Polymorphic Dynamics of Microtubules

Starting from the hypothesis that the tubulin dimer is a conformationally bistable molecule - fluctuating between a curved and a straight configuration at room temperature - we develop a model for polymorphic dynamics of the microtubule lattice. We show that tubulin bistability consistently explains unusual dynamic fluctuations, the apparent length-stiffness relation of grafted microtubules and the curved-helical appearance of microtubules in general. Analyzing experimental data we conclude that taxol stabilized microtubules exist in highly cooperative yet strongly fluctuating helical states. When clamped by the end the microtubule undergoes an unusual zero energy motion - in its effect reminiscent of a limited rotational hinge.

💡 Research Summary

The paper proposes a radical reinterpretation of microtubule (MT) mechanics by postulating that the fundamental building block, the tubulin dimer, is a bistable molecule capable of existing in either a straight or a curved conformation at physiological temperature. This bistability is not an isolated property of a single dimer; rather, the authors argue that it propagates cooperatively through the MT lattice, giving rise to a “polymorphic” state in which large segments of the filament can collectively adopt a curved geometry while still being linked to neighboring straight segments.
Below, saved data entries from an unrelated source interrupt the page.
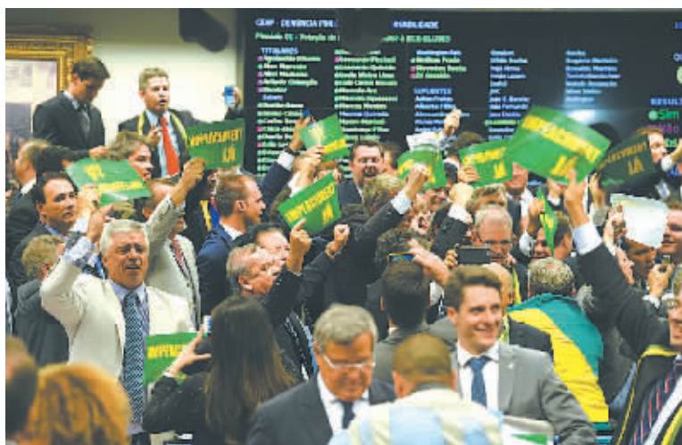
4月11日，在巴西首都巴西利亚，巴西国会众议院特委会成员在投票结果公布之后庆祝。

根据巴西法律，在众议院表决中，弹劾案只有获得513个议席中的至少342席(即三分之二支持率)方可通过。此后，参议院还要对总统弹劾案进行第一轮表决，若弹劾案获得简单多数支持获得通过，总统需离职180天，总统职务由副总统代理；参议院还将进行第二轮表决，若三分之二以上议席支持弹劾，则总统必须下台，由副总统接任。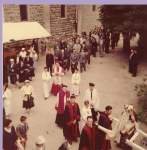
Pèlerinage à Notre Dame de Saint Germain des Fossés

Le 2 juillet se nomme dans le pays la petite fête. Une grand-messe est dite et le soir après les vêpres on processionnait autour du cimetière et de l'église [il s'agit de l'église du prieuré].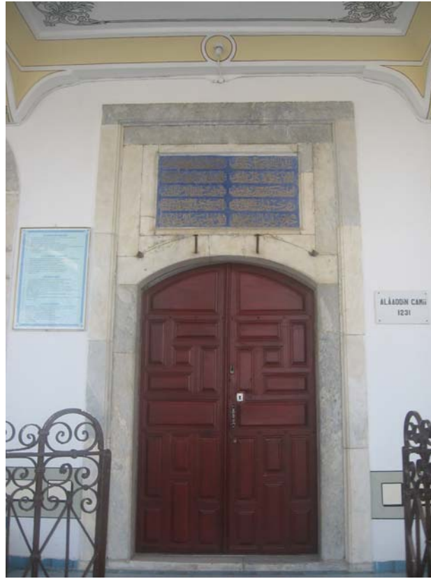
Resim 9: Kuzey Cephe, giriş kapısı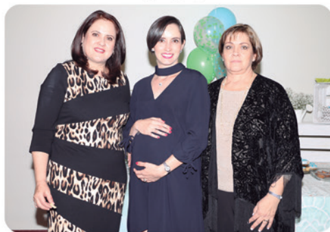
La festejada con su suegra y su mamá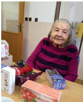
Dárky udělaly radost.

Letos poprvé se náš Domov důchodců zapojil do projektu „Ježíškova vnučata“. Několik klientů vyjádřilo svá přání, co by jim udělalo k Vánocům radost. Většinou to byly drobné dárky jako hrníček, kalendář, vlna na pletení ponožek, ale jeden klient měl jako přání dokonce i tahací harmoniku. Všechny dárky byly klientům doručeny osobně nebo poštou nejen z různých oblastí republiky, ale i z našeho města a blízkého okolí. Radost byla veliká a i slzičky dojetí se objevily. Je krásné, že i v dnešní uspěchané době si někdo vzpomene na seniory a snaží se udělat prostě jen radost. V příštím roce se určitě rádi zapojíme znovu.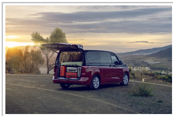
VW Multivan mit Gute-Nacht-Paket.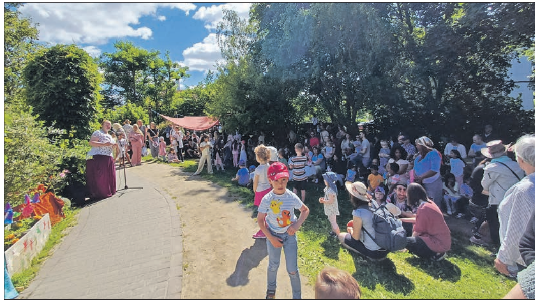
Das Gelände der Kita „Mittendrin“ wurde beim Sommerfest der Einrichtung Mitte Juni zum einem „Magischen Zauberwald“.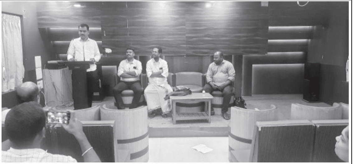
தேனி மாவட்ட புதிய நிர்வாகிகளின் பதவியேற்பு விழாவில் மாநில செயலாளர் தோழர் தமிழரசன் கலந்துகொண்டு உரையாற்றினார்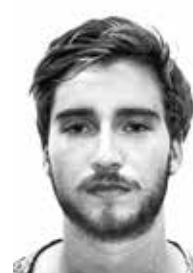
Marc-Julien Heinsch ist freier Mitarbeiter des Südkuriers.

Reaktionen „Es gab viele positive Rückmeldungen“, sagt Helm. „Die Serie zeigt ein authentisches Bild der Wohnlage in Konstanz aus Sicht der Studenten“, erklärt er den Erfolg.

To formalize this idea, the authors map each dimer onto a two‑state spin variable σ_i (σ_i = +1 for straight, σ_i = −1 for curved) and introduce a nearest‑neighbour coupling term –Jσ_iσ_{i+1}. The coupling constant J quantifies the energetic preference for like‑state neighbours, i.e., the degree of cooperativity. In the statistical‑mechanical framework, the MT becomes a one‑dimensional Ising‑like chain with an external field that represents the intrinsic bias between the two conformations. When J is large compared to thermal energy k_BT, the chain orders into macroscopic domains of uniform curvature, producing a helical or gently curved filament. When J is small, the filament breaks into short polymorphic domains, leading to a mixture of straight and curved sections.

The authors then incorporate the effect of the anti‑cancer drug taxol, which is known experimentally to stabilize MTs. In the model taxol lowers the energy barrier between the two dimer states and simultaneously increases J, thereby enhancing cooperativity while also allowing rapid stochastic switching. This dual action predicts that taxol‑stabilized MTs reside in a highly cooperative yet strongly fluctuating helical state—a prediction that matches a range of experimental observations, including increased persistence length variability and the appearance of long‑wavelength bending modes.

A particularly striking prediction concerns the dynamics of a MT that is clamped at one end (a common experimental configuration). In the polymorphic framework the curved domain can slide along the filament without changing the total bending energy, effectively acting as a “zero‑energy” mode. The filament therefore behaves like a limited rotational hinge: the free end can rotate around the clamp with negligible energetic cost, a behavior that cannot be explained by classical Euler‑Bernoulli beam theory. The authors support this claim with both analytical calculations of the mode spectrum and direct comparison to high‑resolution video microscopy data, showing a pronounced low‑frequency peak that corresponds to the predicted hinge‑like motion.

Beyond the hinge phenomenon, the model naturally accounts for the puzzling length‑stiffness relationship observed in grafted MTs. Classical beam theory predicts a length‑independent flexural rigidity, yet experiments show that longer MTs appear softer. In the polymorphic picture, longer filaments accommodate more curved domains, which effectively reduce the filament’s macroscopic bending modulus. This explains the observed softening with length without invoking ad‑hoc changes in material properties.

In summary, the paper builds a coherent theoretical framework that links tubulin conformational bistability, cooperative lattice interactions, drug‑induced modulation, and emergent filament‑scale mechanics. By doing so, it resolves several longstanding anomalies in MT biophysics—namely, the unexpected bending fluctuations, the helical appearance of taxol‑stabilized MTs, the zero‑energy hinge motion under clamped conditions, and the non‑linear length‑stiffness relation. The work opens new avenues for designing MT‑based nanodevices, interpreting cellular force generation, and understanding how chemotherapeutic agents alter cytoskeletal dynamics at a molecular level.